Tuesday, August 14, 2018

It’s a non-consensual act: rape offenders take superior advantage over their victims


Introduction
Rape is any sexual activity that involves two non-consenting people. If it involves a minor, it is renamed defiling. Rape is a serious as well as common offence in both criminal and social law courts. It is serious because it directly violates substantive lifelong physical and cognitive welfare of the victim. As such, many national laws provide for stiffer punishments to offenders, also as a pre-warning to future potential offenders. While this is the state of affairs, rape cases never cease, and in fact are reported to be on the rise, many of which remain unreported. I argue that it is the definition of rape that is fundamentally fraud and perpetuates the offence. I attribute this trend to that fact that many offenders get their way out due to lack of what is often referred to as substantive evidence. In my view, this is, in part, due to weaknesses in the definition of rape. While classical definition of rape hinges on consent, the term consent itself is elusive. The central defect is that consent assumes both parties are of adequate physical and mental capacity to engage in a deliberate negotiation to reach a consensus that the sexual activity at that particular moment is appropriate, to the benefit of either one party or both, of course, with varying degrees. I argue that this assumption is fraud as, in the first place, the parties in any sexual activity are never of measurably comparable capacity and that in itself poses significant challenge for litigators to offer fair trial. The offending party often utilizes its superior advantage to 'force' the victim into the act. The evidence is hard to decipher as it remains difficult to both investigate and measure. I use the concept of wild catcher to elaborate my argument.

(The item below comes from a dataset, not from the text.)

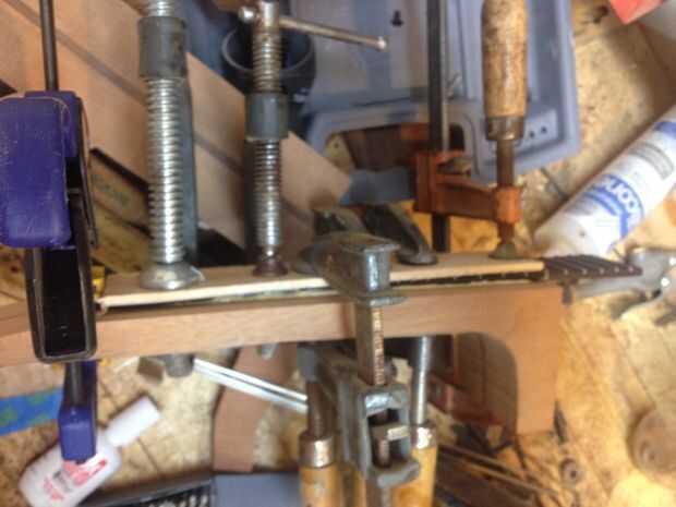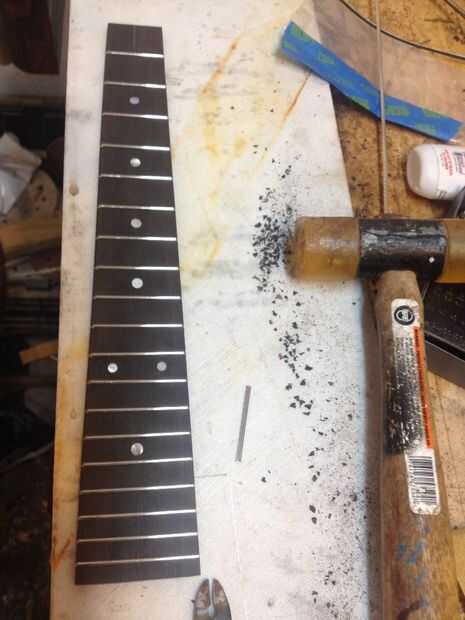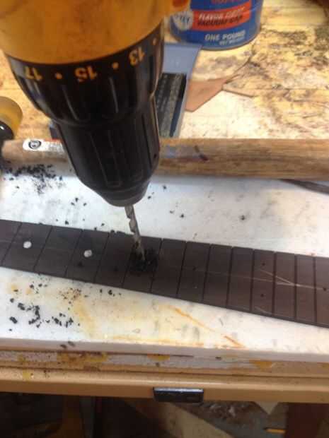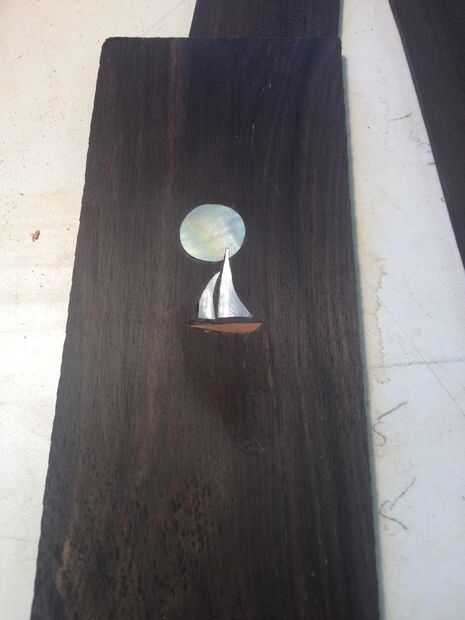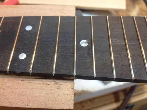 El tablero del traste es ébano utilicé una caja de ingletes de luthiers, plantilla y Sierra de traste para hacerlo. También he añadido a madre de perla puntos y partes plásticas.

The concept of wild catcher
In the wild, animals especially carnivores use various mechanisms to catch their prey for food. However, all the different hunting mechanisms conform to similar principles. First, the hunting animal must study and understand the structural, situational and behavioural characteristics of the prey animal. These structural, situational and behavioural characteristics of the prey animal are fundamental to its defense mechanisms. Capitalizing on the weak points in the structural, behavioural and situational characteristics of the prey animal, the hunting animal devises its strategy for catching its prey. Second, almost all the hunting mechanisms involve direct attack on the vital life systems of the prey animal - the circulatory or nervous or respiratory systems. Third, the hunting animal utilizes the environment to aid and complement its inert resources, so do the prey animal to defend itself. For example, crocodiles use water to suffocate its prey, as the many reptiles also use camouflage (similar colour as the local scene) to ambush their prey. All these principles enable the hunting animal to catch the prey with minimum inert resources.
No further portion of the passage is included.